Русский капитализм уже не мог развиваться без помещичьей эксплуатации крестьянства. Потому и аграрная революция неизбежно должна была обернуться антикапиталистическим переворотом. А попытка радикально улучшить положение крестьянства оказывалась неотделима от вопроса об изменении характера всего российского государства.

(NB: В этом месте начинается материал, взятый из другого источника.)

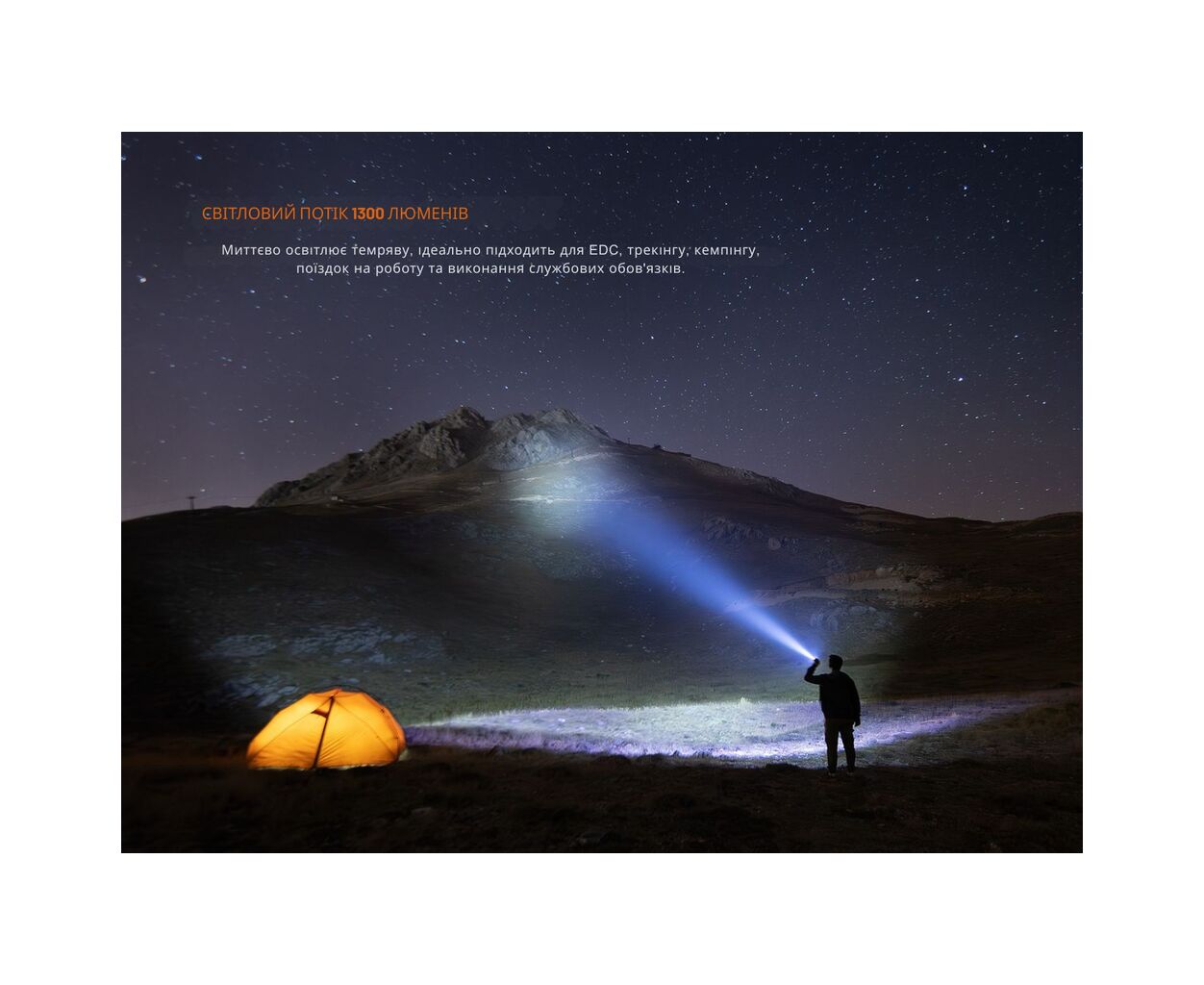Тип - ручной, источник света - Luminus SFT25R, дальность светового потока - 354 м, аккумулятор, яркость - 1300 люмен, элементы питания - 18350, вес - 102.3 г

«Речь идёт здесь, — писал Маркс в одном из набросков письма к Вере Засулич, — таким образом, уже не о проблеме, которую нужно разрешить, а просто-напросто о враге, которого нужно сокрушить. Чтобы спасти русскую общину, нужна русская революция. Впрочем, русское правительство и «новые столпы общества» делают всё возможное, чтобы подготовить массы к такой катастрофе. Если революция произойдёт в надлежащее время, если она сосредоточит все свои силы, чтобы обеспечить свободное развитие сельской общины, последняя вскоре станет элементом возрождения русского общества и элементом превосходства над теми странами, которые находятся под ярмом капиталистического строя»[527].
Российский колониализм
Начиная с 70-х годов XIX века, Российская империя, оправившись после неудачи в Крыму и укрепив себя реформами, вновь встаёт на путь геополитической экспансии. Внешнему наблюдателю это казалось возрождением англо-русского соперничества на Востоке, попыткой свести старые счёты с Турцией и вернуть русскому царю ореол защитника интересов славянства. Но, как и все международные события XIX века, новые военные походы царской России имели глубокие экономические причины.
Русская промышленность постепенно начинала оживать. Показательно, что «фритредерский» таможенный тариф был отменён в 1877 году — в то самое время, когда вновь активизировалась российская внешняя политика на Балканах и в Средней Азии.
Отличительная черта периферийного общества — узость внутреннего рынка. Ленин был уверен, что Россия страдала одновременно от капитализма и от недостаточного его развития. Однако, если посмотреть на размеры российского внутреннего рынка, обнаруживается, что по сравнению с ними развитие капитализма не только не было недостаточным, но, напротив, оказывалось избыточным, непропорциональным, по сравнению с внутренними потребностями — чрезмерным.
Развитие русского капитализма диктовалось не только внутренними потребностями, но и логикой мирового рынка. Находиться на «современном» уровне для капитала значило быть частью мировой системы. Но внутреннего рынка для этого не хватало. В Британии XIX века обширный внутренний рынок гарантировал массовое производство и возможность завоевания внешних рынков. Российский промышленник, напротив, мог компенсировать свою слабость только поддержкой правительства и экспансией на внешние рынки. Конкуренция за границей была трудной, требовала низких цен и военно-политической поддержки государства. И то и другое должно было оплачивать собственное население. Ему приходилось платить втридорога за отечественные и импортные товары на «защищённом» рынке, ему же приходилось содержать армию и постоянно растущую в связи с новыми задачами бюрократию, ему приходилось, в конечном счёте, идти на войну, чтобы завоевать или отстоять рынки для «отечественного товаропроизводителя». Промышленность требовала экспансии, империи, войны. Экономическая слабость требовала максимального политического напряжения. Российская держава должна была стоять в одном ряду с другими колониальными империями.